All 'art' is owned by its creator. Art without a copyright mark is still owned by its creator or licensee. But in some cases the owner/creator may grant a license to others for free use of that art.

Here are some resources where you can download art that is licensed for free reuse:

https://openclipart.org/tags/honey bee
http://www.honey.com/tools-tips-and-resources/digital-art/c/clip-art

All images at Wikipedia/Wikimedia carry a license that allows free reuse:
http://commons.wikimedia.org/wiki/Honey

You can find more with a Google search similar to this:
clip art honey bees

Note that some of the results will be sites that want to sell art collections that once purchased, allow unlimited reproduction without paying any additional fees, but do carry a download fee. These are often referred to as 'stock' photos/art.


----------



## deknow (Jul 17, 2006)

To paraphrase Ani Defranco (when Napster was a thing):
"Art is free. Go make some."


----------



## cg3 (Jan 16, 2011)

I made the mistake of putting a copyrighted image in a Craigslist ad.

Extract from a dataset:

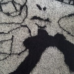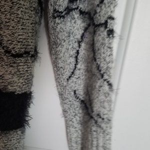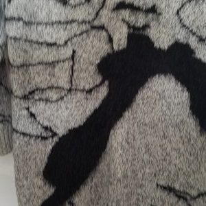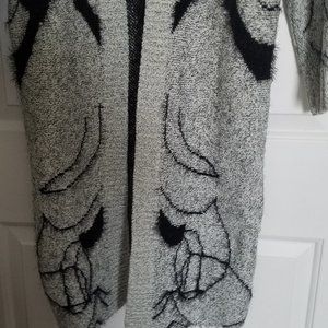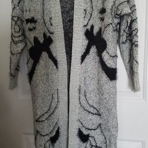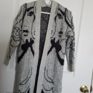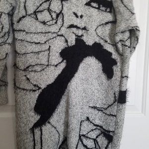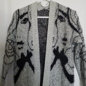 In front of the cardigan, on top at the shoulders and on the back, an abstract design takes the form of a lady's face.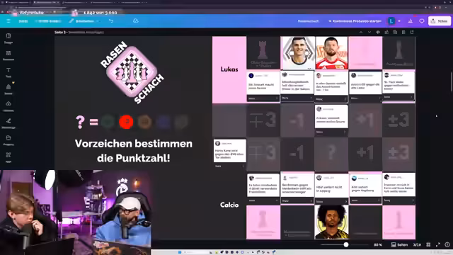 01:50:27Es kam zu einer deutlichen Meinungsverschiedenheit bei der Interpretation des 'Minus-plus drei'-Feldes. Niklas hatte fälschlicherweise eine These auf das Plusfeld gesetzt, während Lukas konsequent darauf bestand, dass nur eine negative These für Pluspunkte sorgt. Dies führte zu einer hitzigen, aber humorvollen Debatte. Beide versuchten, die wahrscheinlichste These für ihr Team zu finden, während sie gleichzeitig die 'Minus-Drei'-Option mit den unwahrscheinlichsten Ereignissen belegten, wie ein Torwart-Scorer.

The owner contacted (threatened) me within 24 hours. I had already sold out and removed the ad, but I was impressed at the speed and thoroughness of his reaction.


----------



## NCbeek (Mar 23, 2011)

After a little more digging in the right place, it seems this image is indeed not public domain or permission given for reuse. Back to the drawing board. Thanks for the replies.


----------



## TimW (May 15, 2013)

NCbeek,

Checkout http://www.dreamstime.com/

You can purchase images for different uses. Just check out what the different licenses allow for.


----------